Farewell Happy Fields
It has been incredibly long since I updated this—and for that I offer my apologies. I've gotten sidetracked with school and career-furthering, and the like, but I always found myself coming back to this story, tweaking things, writing more in spurts. I have seen it continue to be added to author alerts and favorites, and it makes me insanely giddy to think that my writing is appreciated :)
That having been said: here is the fifth chapter, too long in the making, again littered with references to literary works and the like. I'm going to be going back and fixing some inconsistencies in the earlier chapters within the next month or so (I still have finals coming and then write-on competition for journal), and the next chapter should be posted within the next week or so (it's nearly finished).

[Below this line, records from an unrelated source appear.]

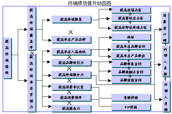 市場占有率的提升有其一定的途徑,我們從下面的終端業(yè)績提升動因圖示中可以看出,終端績效提升的途徑關(guān)鍵是終端覆蓋的提升和單店產(chǎn)出的提升。而在終端覆蓋一定的情況下,關(guān)鍵因素就是怎樣促進終端經(jīng)營者樂意接受產(chǎn)品(廠商完成鋪貨)、愿意給予最大化的陳列和熱情推介產(chǎn)品了。
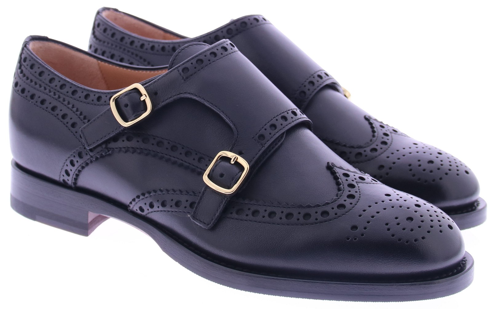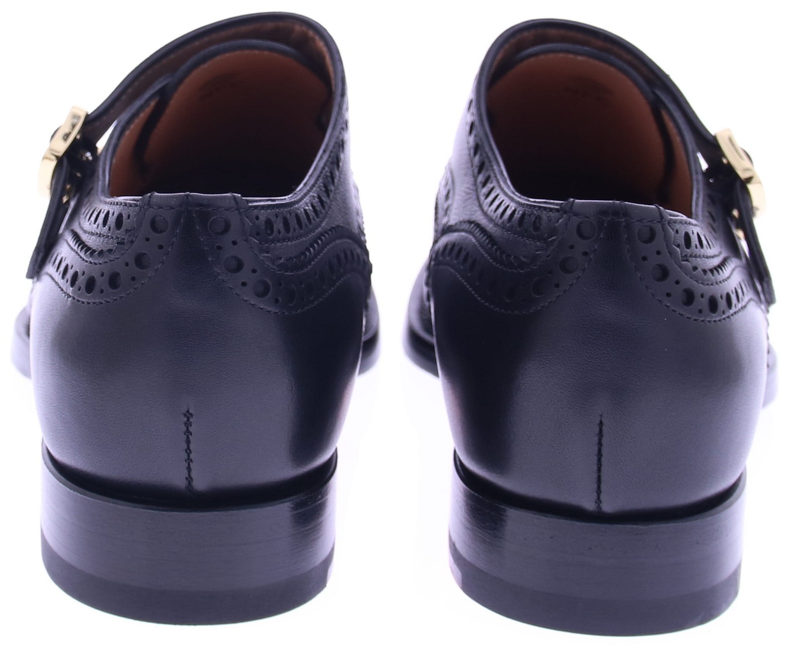 Zwart leren dubbele gespschoen voor dames van Santoni. Deze dubbele gespschoen van Santoni straalt Italiaanse elegantie uit. Gemaakt van verfijnd kalfsleer met brogue-details op de neus. De leren zool met rubberen inzet biedt comfort en grip, terwijl de dubbele gesp zorgt voor een stijlvolle, vrouwelijke uitstraling. Een tijdloze keuze voor zowel zakelijk als casual gebruik.
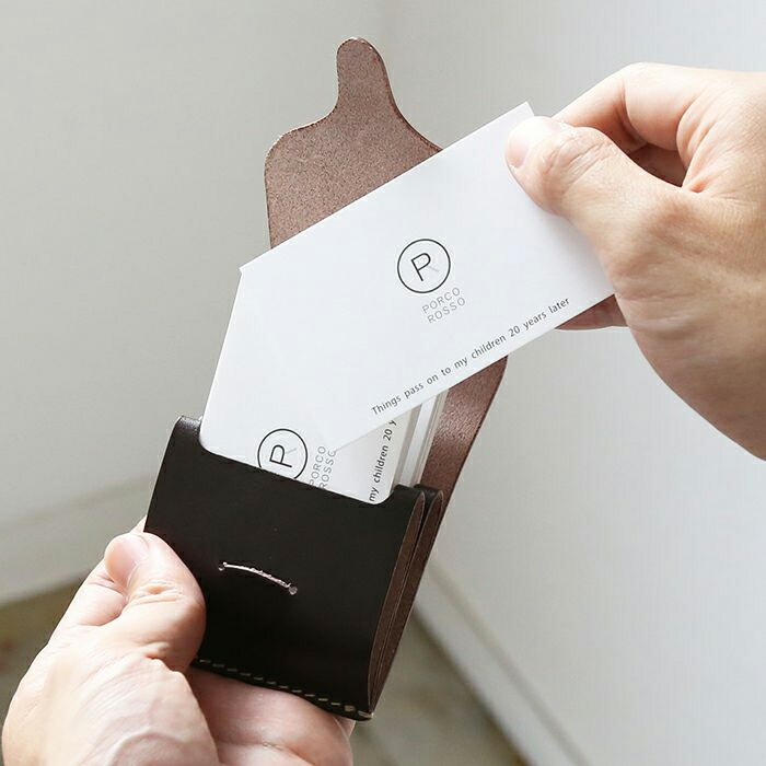こちらは、横長の名刺入れが多い中、縦型で異彩を放っている「ポルコロッソ」の日本製名刺入れ。日本が世界に誇る栃木レザーを使用し、丁寧な手仕事で仕上げた逸品です。差し込みタイプのふたは名刺の出し入れがスムーズで、使いやすさ抜群ですよ。
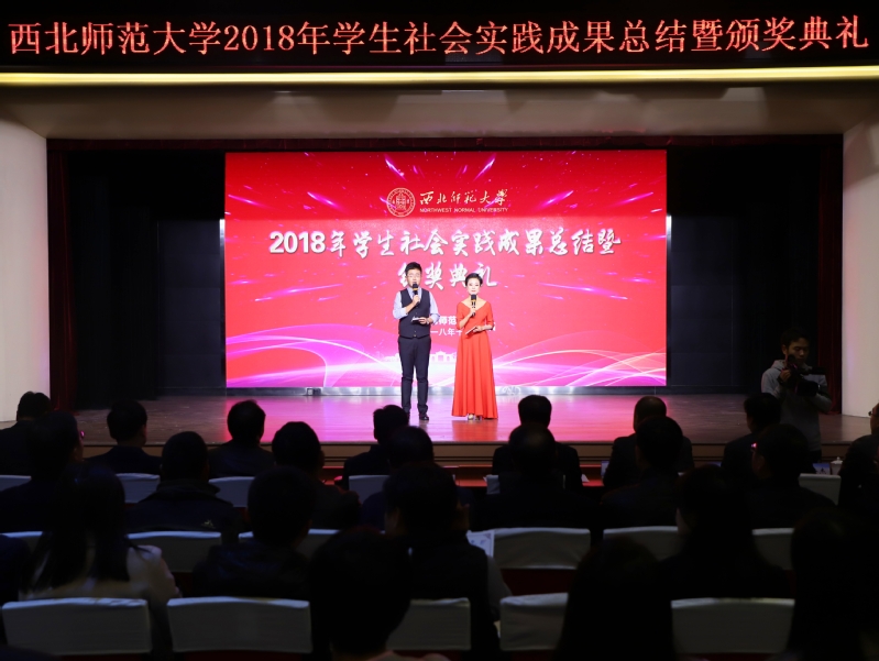 金沙990活动大厅学生姬玉阳、刘莹雪主持颁奖典礼。

Please let me know what you think! I'm always happy to hear suggestions, comments, constructive criticism, etc.
V. Please, take me back to my fields and flowers.
The darkness was vast, suffocating, unlike anything she had ever known. The night was dark in the fields, and even from Olympus, but even then, the stars, bright little pinpricks of light were scattered across the midnight blue above. Under the ground, there was nothing. The spring goddess could scarcely tell whether her eyes were open or shut for a long moment.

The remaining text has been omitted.